Nice work - a combo of The Files and a halfhearted bit of profile search. How much stuff about Fiat 500s did you have to trudge through for a post about pensions?
Well they didn't. The left in that part from sihhi meant non-labour.

I apologise for having a memory for seeing things over and over and forming impressions from doing so.
 
Can't get involved in anything in my area because everything is Corbyn, so when nothing changes* it's going to be even worse than after the stop the war for despondency.

*either by losing the election or watering down of all policies after winning (my money is on the former)
Give me watered down Corbyn anyday over the current lot. Watered down Corbyn will be significantly better than May, Cameron, Brown, Blair, Major or Thatcher. Not just less bad, I mean significantly better.

And if Labour do lose the election, then the real challenge will be to avoid the mistakes of 1992-1997 and keep left and try to be patient (hard I know)
 
Well they didn't.
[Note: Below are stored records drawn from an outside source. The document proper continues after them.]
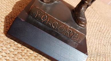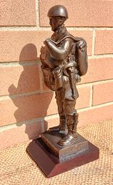 Statuetta Paracadutista Brigata Folgore in divisa da lancio anni '60/'70 in lega metallica da riparare mancante mano sinistra basetta in legno marcata dal produttore.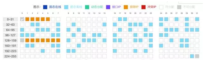 白色空格代表是空闲IP地址,可以被使用。浅蓝色代表是静态配置的IP,深蓝色代表动态分配且固定的IP。如果出现IP冲突,地址框会变成红色,根据冲突IP的具体接入位置信息,管理员可以及时发现并解决问题。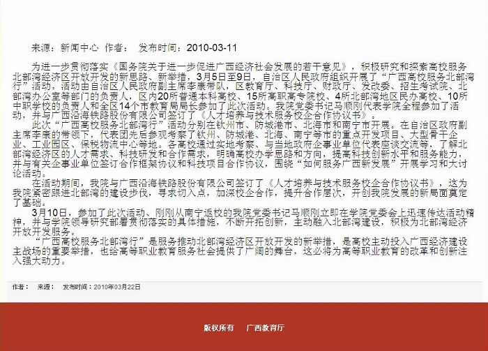 2010年3月11日,广西壮族自治区教育厅公众信息网广西高校服务北部湾行专题网站发布我院参加“服务广西高校服务北部湾行”信息。(图/蒋玉梅)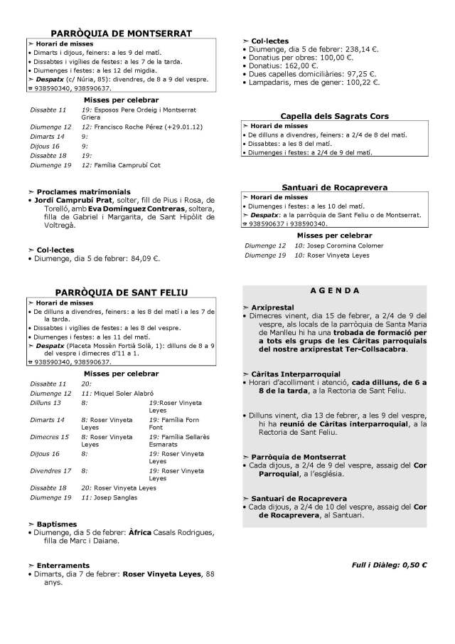 Agenda de les Parròquies de Torelló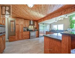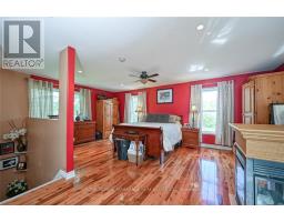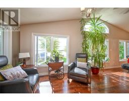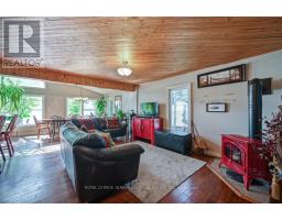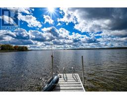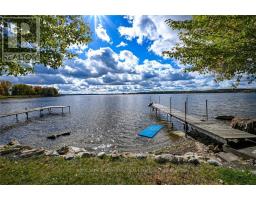 Welcome to your exclusive year-round waterfront haven in Beveridge Bay on the Rideau, perfectly situated near Perth and Smiths Falls. This property makes a striking first impression with its crisp white exterior and distinctive, bright blue roof, beautifully set against a backdrop of mature trees erupting in vibrant fall colours. A spacious, well-maintained grassy lawn leads from the house to the peaceful, secluded bay, complete with a designated fire pit area for evening gatherings by the water. Inside, the open-concept design is flooded with natural light and breathtaking views, framed by an expansive wall of windows and high ceilings. The main floor features beautiful hardwood floors and custom wood finishes, including two main floor bedrooms and a main floor 4-piece bath. The heart of the home is the kitchen, which pairs the rustic charm of a knotty pine ceiling and abundant wood cabinetry with modern amenities like dark speckled countertops and stainless-steel appliances (including a wine cooler). Relax on cool nights by the cozy propane stove in the living room, or ascend to the luxurious primary suite, a true retreat offering a soaking tub and a double-sided electric fireplace. A bright, finished lower level provides excellent additional living space. The lower level is currently being used as a fourth bedroom and there is storage, rounding out this blend of tranquil waterfront living and convenient accessibility. (id:50886)

The left in that part from sihhi meant non-labour.

I apologise for having a memory for seeing things over and over and forming impressions from doing so.
Come now, you don't have a memory bar a single one you got wrong and have reused for several years now. What actually happened is you just went to the first page of 'posts by' and stopped at whatever you thought you could use as a dig, which was disappointingly premature at the 11th post. It's the 73rd of mine on here with the word pension in it, however, so I'll grant you the obsession bit on statistical grounds. Had it not been that it'd presumably be something about the word 'mortgage' instead. I do enjoy you having to sift your way through shit about hatchbacks and Android keyboards and road signs though so keep it up.
 
Come now, you don't have a memory bar a single one you got wrong and have reused for several years now. What actually happened is you just went to the first page of 'posts by' and stopped at whatever you thought you could use as a dig, which was disappointingly premature at the 11th post. It's the 73rd of mine on here with the word pension in it, however, so I'll grant you the obsession bit on statistical grounds. Had it not been that it'd presumably be something about the word 'mortgage' instead. I do enjoy you having to sift your way through shit about hatchbacks and Android keyboards and road signs though so keep it up.
I didn't. I just saw you talking about pensions and markets the other day. It's unlikely i saw any of your posts from then until the first one on this thread.